1. Technical Field of the Invention
The present invention relates to a device and method for recovering data accessed from random access memory cells, and particularly to a device and method for recovering bit line data from a dynamic random access memory (DRAM) cell.
2. Background of the Invention
Conventional DRAM cells employ a single transistor architecture wherein the memory cell comprises a storage capacitor having a first terminal connected to a reference voltage, such as Vss, and a second terminal connected to a pass and/or transmission gate transistor. The gate electrode of the pass/transmission gate transistor is tied to a word line decode signal and the drain electrode thereof is connected to a bit line. When a DRAM cell is read, the stored charge is shared between the capacitance of the storage capacitor and the capacitance of the corresponding bit line. The change in charge appearing on the bit lines following a memory cell read operation is small because the capacitance of the bit lines is significantly larger than the capacitance of the individual storage capacitors and because charge stored in a memory cell decays over time. Consequently, sense amplifiers are utilized to recover the full reference voltage level signal corresponding to the stored data.

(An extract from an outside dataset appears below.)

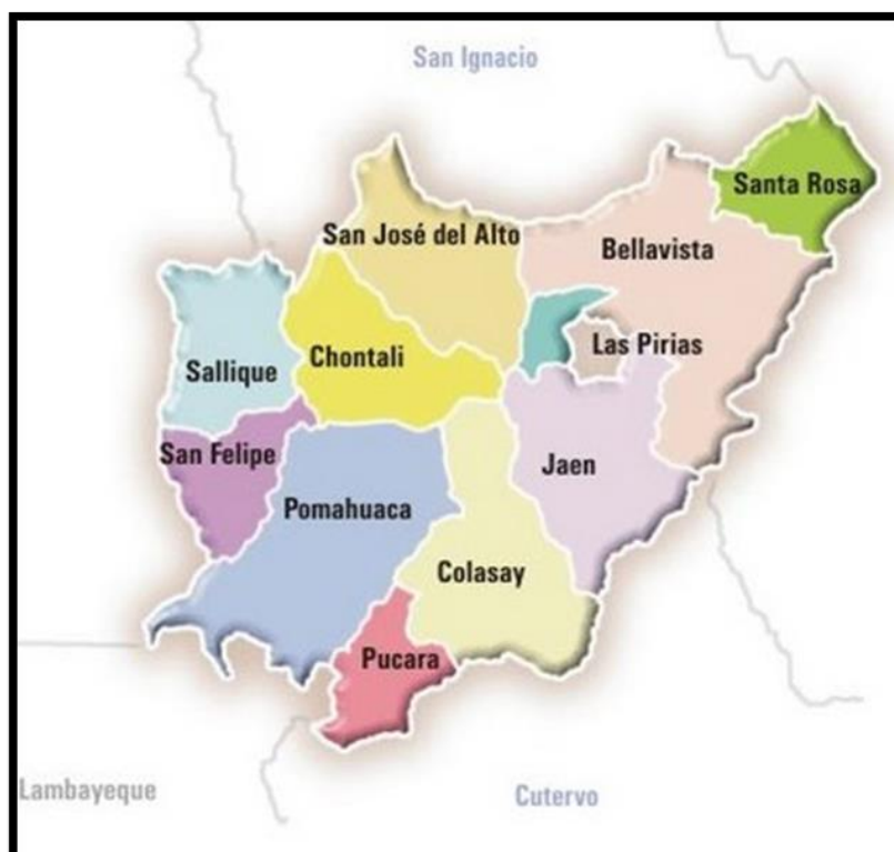
UBICACION EN LA PROVINCIA DE JAEN

The core of a DRAM is typically partitioned into arrays or blocks of memory cells, with each array including a plurality of rows of memory cells and with the cells in each row being connected to a respective one of a plurality of word lines. Memory cells in each column of cells in an array are connected to a respective one of a plurality of bit lines. Bit lines are grouped in pairs such that when data from a memory cell is read onto a first bit line of a bit line pair, the second bit line of the bit line pair is provided with a voltage level that is representative of a signal between a low logic level and a high logic level, relative to the amount of charge that can be placed thereon by a charged stored in a memory cell. This difference in voltage levels between the bit lines of the bit line pair is the differential to which an associated sense amplifier operatively responds.
The sense amplifier is connected to the bit lines to sense the small change in potential appearing on the bit lines following a memory cell read operation and to drive the bit lines to the appropriate full reference voltage level, such as Vdd or Vss. Once the sense amplifier drives the bit line to the full reference voltage level, the memory cell from which data was read is refreshed with the full reference voltage signal appearing on the bit line.
Sense amplifiers are operatively connected to a pair of bit lines from one or more memory arrays. Pass and/or transmission gates are employed between the sense amplifiers and the pairs of bit lines from adjacent memory arrays connected to the sense amplifier, in part to limit the capacitance appearing on the bit lines when the sense amplifiers are active, thereby decreasing the time necessary to perform a memory cell read and associated refresh operation. The pass/transmission gates additionally allow the bit lines of the selected bit line pair to incur a slight delay relative to the sense amplifier output nodes as the output nodes are being driven to full reference voltage levels, thereby increasing the speed at which the sense amplifier senses the charge differential of the bit line pair and drives its output nodes. However, because the pass gates usually comprise n-channel transistors, a sense amplifier is unable to drive its corresponding bit line to a full Vdd potential. Because a sense amplifier cannot store a full Vdd signal, representing a high logic level, into a memory cell and because a stored charge in a memory cell decays over time, a memory cell storing a high logic level is capable of maintaining the data only for a very limited period of time.
Attempts to overcome the aforementioned problem include employing CMOS pass gates in place of the n-channel pass gates. However, such implementations do not facilitate driving the bit lines by the sense amplifiers in a rapid manner. There remains a need for effectively driving DRAM bit lines and memory cells to full reference voltage levels quickly and accurately.